Apple Pay ends the retail point-of-sale data breach crisis
With the ongoing and seemingly never-ending retail point of sale (POS) data breaches, the Apple Pay announcement has the potential to do what no one else has been able to: give us a genuine and permanent solution to this problem.
It helps first to understand the problem. The reason that we’re seeing so many successful data breaches now against retail POS systems is that the infrastructure is fundamentally unsound from a security point of view. The mag stripe technology in credit cards dates from the 1960s; the POS systems that process them are using technology from the 1990s (at best). By contrast, attackers are using 2010s technology. The POS infrastructure is just outgunned and it’s now its falling. Outside of the U.S., EMV or “chip and pin” have been widely and successfully used for years. This is a newer and more secure technology. But it’s costly to implement, slows down transactions and is viewed by many as too much of a hassle. These are reasons why you don’t see this in the US: banks and credit card companies viewed the cost and risks of loss from the new technology as outweighing the cost and risks of lost from theft.

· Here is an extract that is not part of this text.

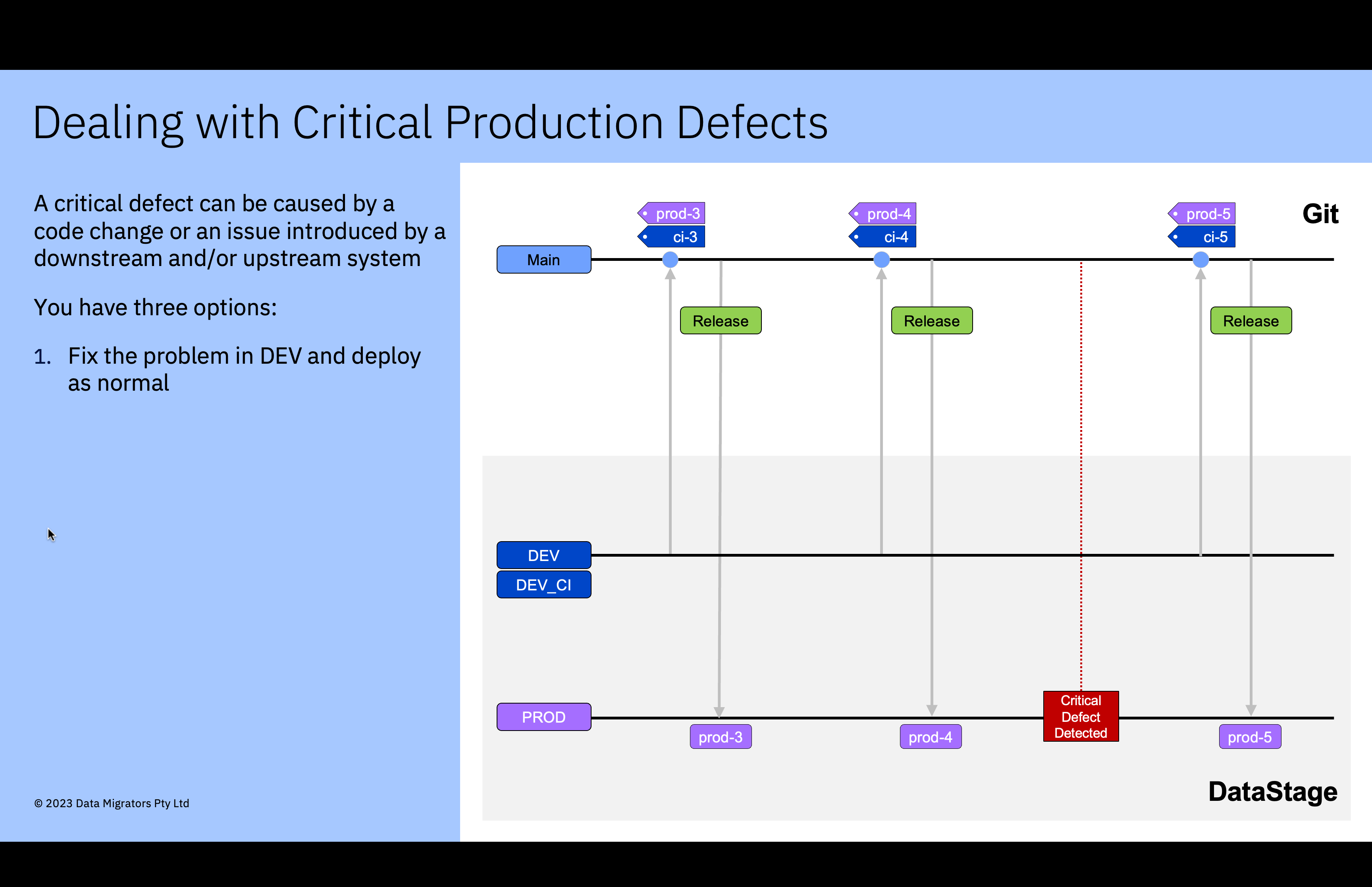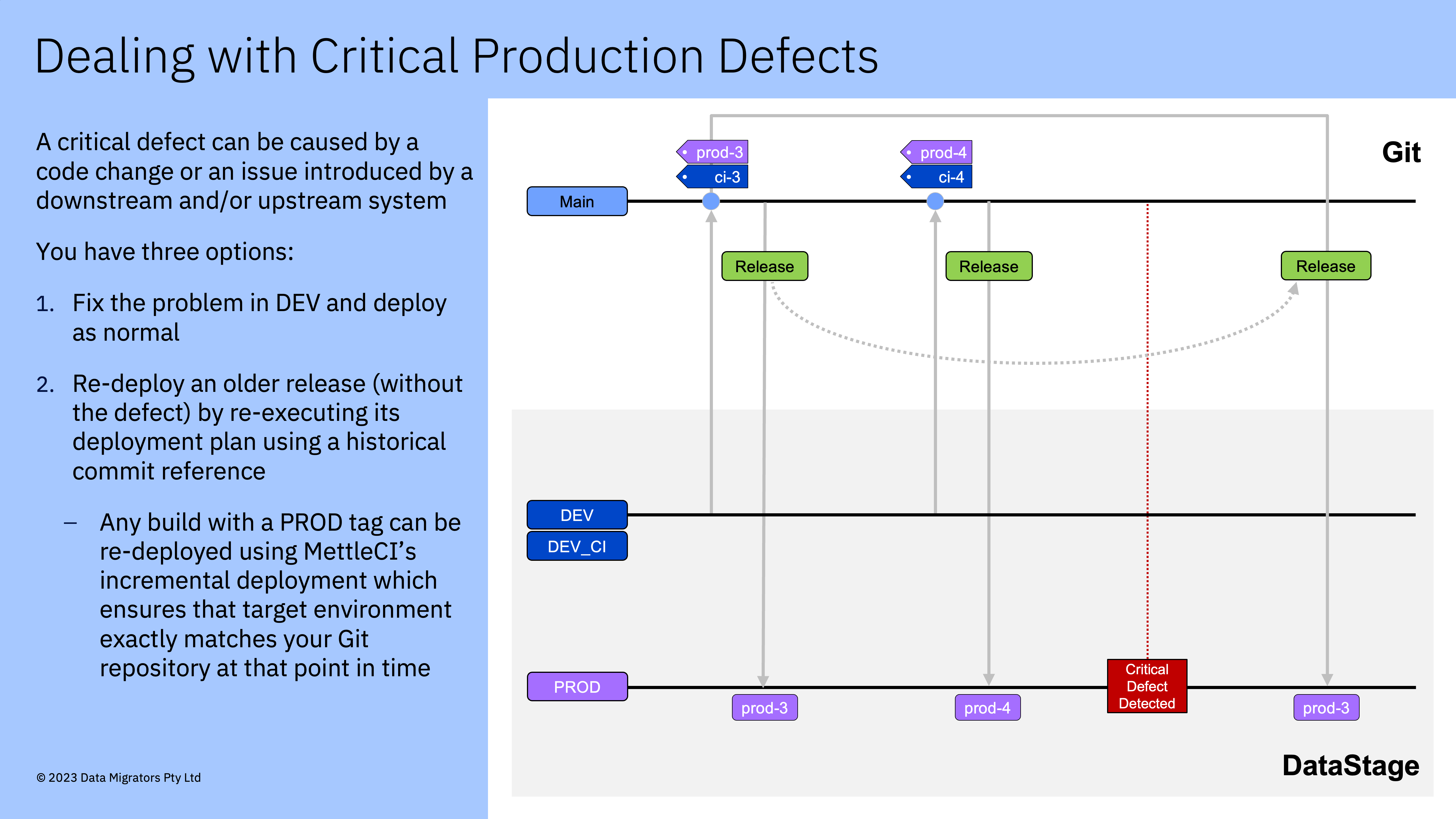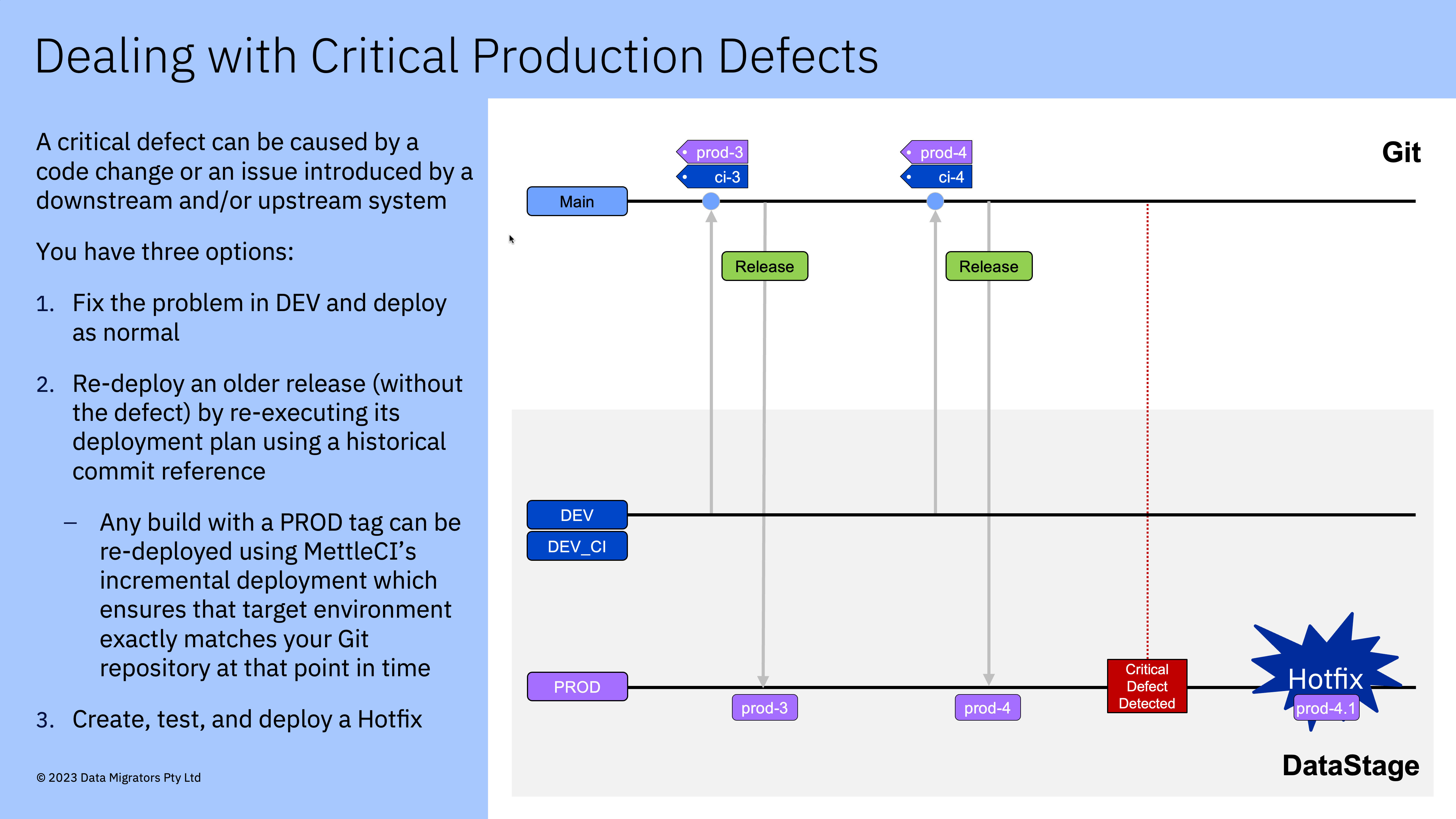 The MettleCI deployment process will synchronise the complete configuration of your Git repository to the target environment (Production). For this reason, the use of this approach requires that no commits have been made to the Git repository since the repository’s codebase was promoted to Production. This may mean that the development of a hotfix may require pausing the development of new features (or of other, non-time critical defects) in your shared Development environment.

In the wake of the retail POS data breach crisis, people have lobbied for EMV and are talking about plans to implement EMV in the US. But those hurdles are still there and we haven’t seen much more than talk.
Meanwhile, others have tried to implement mobile payment systems. But these haven’t taken off because of the classic bootstrapping problem that new platforms face. Retailers won’t invest in the new technology until customers are willing to use it. Customers won’t use the new technology unless there’s a place to use it. Mobile payment systems have been like Bitcoin acceptance: a leading-edge curiosity that’s not ready for prime time.
By including Apple Pay capabilities on all new iPhones moving forward, Apple has overnight solved one half of the bootstrapping problem. Retailers can be confident that a percentage of their customers will be able to use Apple Pay. Not only that, but it will be their early adopter customers. This gives retailers incentive to support Apple Pay with the necessary payment infrastructure.
As we’ve seen in the past, where Apple leads the rest of the world follows. The implementation of infrastructure to support Apple Pay will quickly support other mobile payment platforms as companies like Google quickly move to piggyback on that technology and infrastructure. As technology proliferates, costs will come down and ease of use and implementation will go up.
Beyond how Apple’s entrance into mobile payment brings the “network effect” into play, there’s the fact that Apple’s implementation appears so far to be a good one from a security and privacy point of view. We need to research and understand it better, but it looks like Apple has come up with a solid design that I would feel comfortable using.
With Apple Pay, Apple has jumped into the world of retail payments at a time when the current solution is unsound and broken and the main proposed solution, EMV, isn’t desirable. They’re jumping in with a solution that appears to be good from a security and privacy point of view. And by jumping in, they bring their ability to move markets to bear on this issue.
In a single day, Apple may have changed how we pay for things for good, and helped us bring the retail POS data breach crisis to a close in the long term. And in so doing, they may have also saved all of us from the hassle of “chip and pin.”
That closure won’t come quickly, but at least we can see a light at the end of the tunnel.